On your first pic , the second drawer from the top and the bottom one are my favourites  

So this was all done with Incras system ?


----------



## Terry Q (Mar 2, 2017)

RainMan 2.0 said:


> Wow Terry , you are the king of joints . It’s one thing I really have a liking for , and hope to conquer someday . Blind dovetails are my favourite, and I have an Incra table and the fence . Just need Incras other neccesary accessories.
> 
> On your first pic , the second drawer from the top and the bottom one are my favourites
> 
> So this was all done with Incras system ?




Yes, all standard joints laid out in either the manual that came with the jig, or their project book that is bought separately. Not cleaver enough to figure it out by myself.

There are templates for about 60 different dovetail and box joints. 

The drawers have red oak fronts and backs, white maple sides, Cherry and walnut accents. 

In woodworking there is always more then one way to accomplish something.


----------



## Terry Q (Mar 2, 2017)

A project I’m currently working on. The brown is white oak, light color is curly maple. The goal of the project is to wrap the dark color around the light color and vice-versa. If you look closely the light colored sides have an 1/8 inch dark strip on the top and bottom, continuous with the corner piece.










I learned several important lessons like making sure the corner accent piece is made out of a piece of wood that the large panel was, because the colors don’t match.
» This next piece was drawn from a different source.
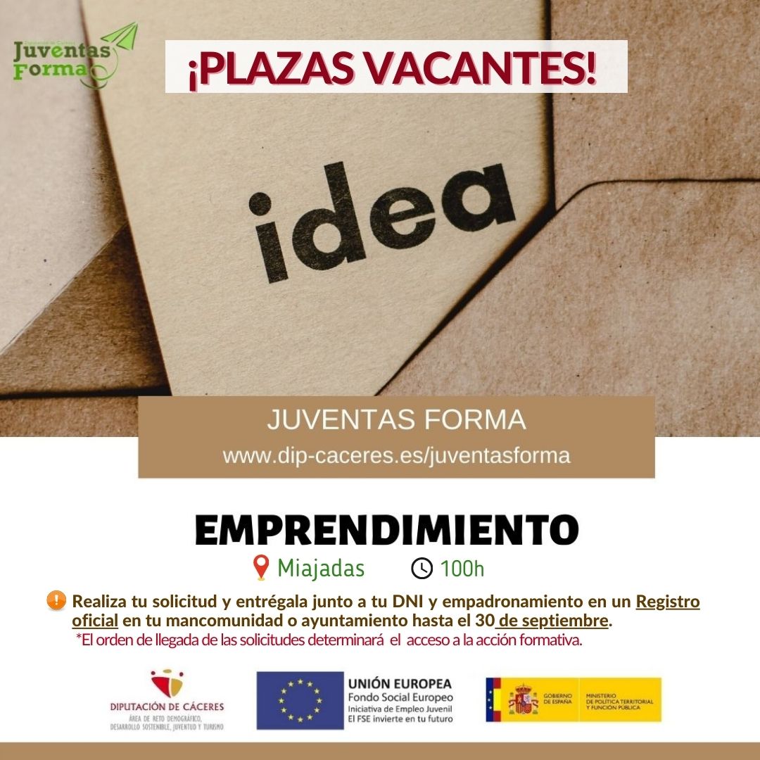Desde el Proyecto Juventas Forma de Diputación de Cáceres, cofinanciado por el FSE al 91,89%, y que tiene como objetivo la inserción laboral y mejora del empleo de las personas menores de 30 años inscritas en el Sistema Nacional de Garantía Juvenil, remitimos información para la difusión de la acción formativa "Emprendimiento" de 100h que desarrollaremos en la localidad de Miajadas y para la que hemos abierto un plazo extraordinario de solicitudes ante la falta de alumnado hasta el día 30 de septiembre de 2021. Necesitamos un mínimo de 10 personas participantes para poder iniciar.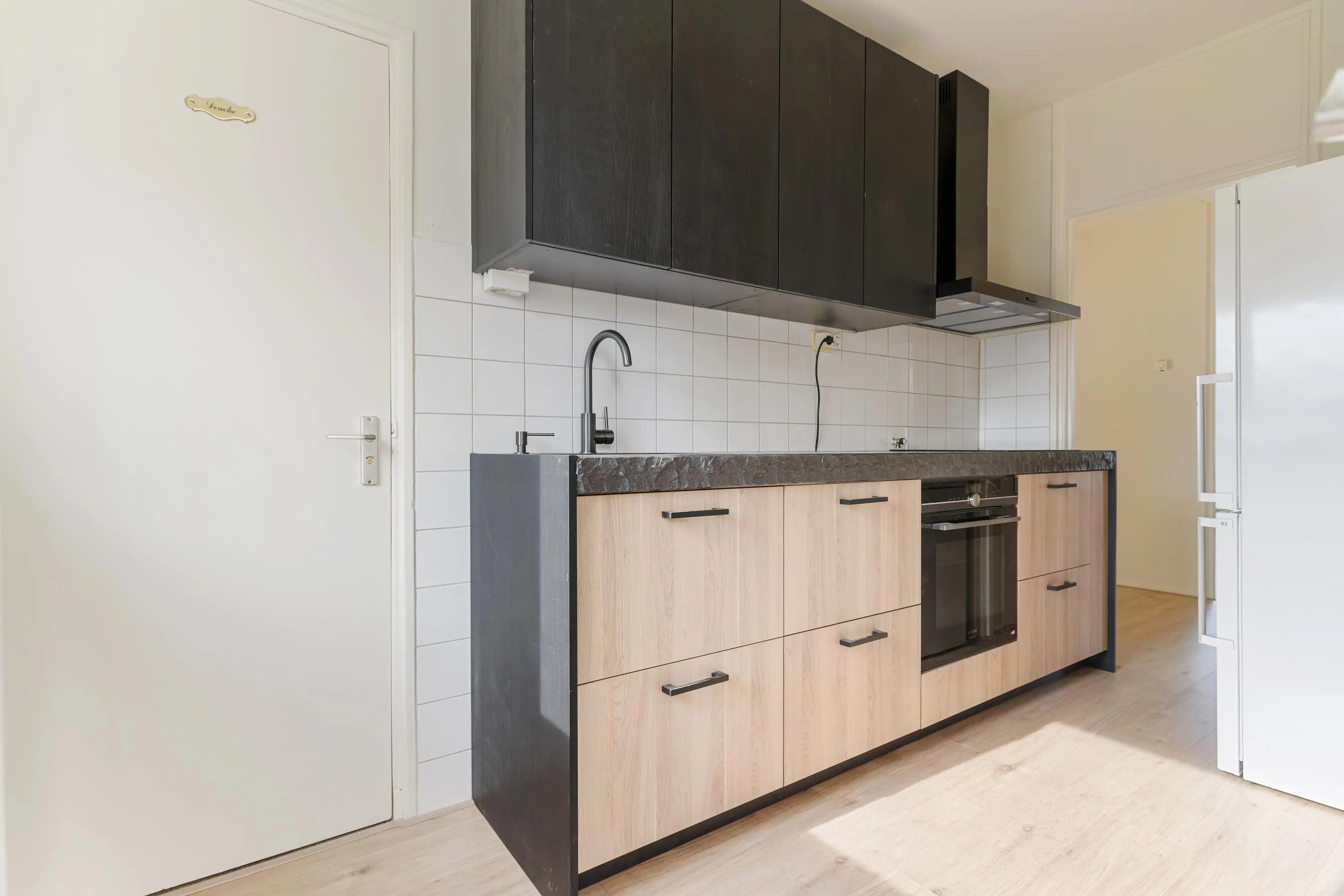 De keuken is recent vernieuwd en uitgevoerd met een moderne opstelling. De badkamer en toiletruimte zijn eenvoudig, maar functioneel. Het gehele appartement is voorzien van kunststof kozijnen met dubbele beglazing, een warmaandoende laminaatvloer en een neutrale wandafwerking.

It’s an eight drawer project, two different sized drawers. The height of the drawers are important in making them come out looking right. 


In woodworking there is always more then one way to accomplish something.


----------



## ranman (Oct 27, 2017)

Those cabinet ends are beautiful. I still don't see what that fence does.


----------



## Terry Q (Mar 2, 2017)

It allows for repeatable, “programmable” type cuts. Having a fence that moves in exacting 1/32 increments allows projects you can’t do with a standard fence that you have to bump to fine tune.

More examples: 

Business card holders









Whistles that I made to give to the youngest generation at family reunion in an attempt to drive their parents nuts









A trivet that had I think, 56 fence changes that needed to be repeatable. I know it would be easy to make something like this using cnc, but I dare you to try it on another router table.










The advantages of the Incra fence are for joinery and small craft type projects. If you think a router fence is just useful for edge profiling or routing rabbits, dados and grooves then your right, you can do everything you want using your fence to do, but if you want to open yourself up to entirely new ways to use a router table, then an Incra fence will allow you to do things you never consider possible.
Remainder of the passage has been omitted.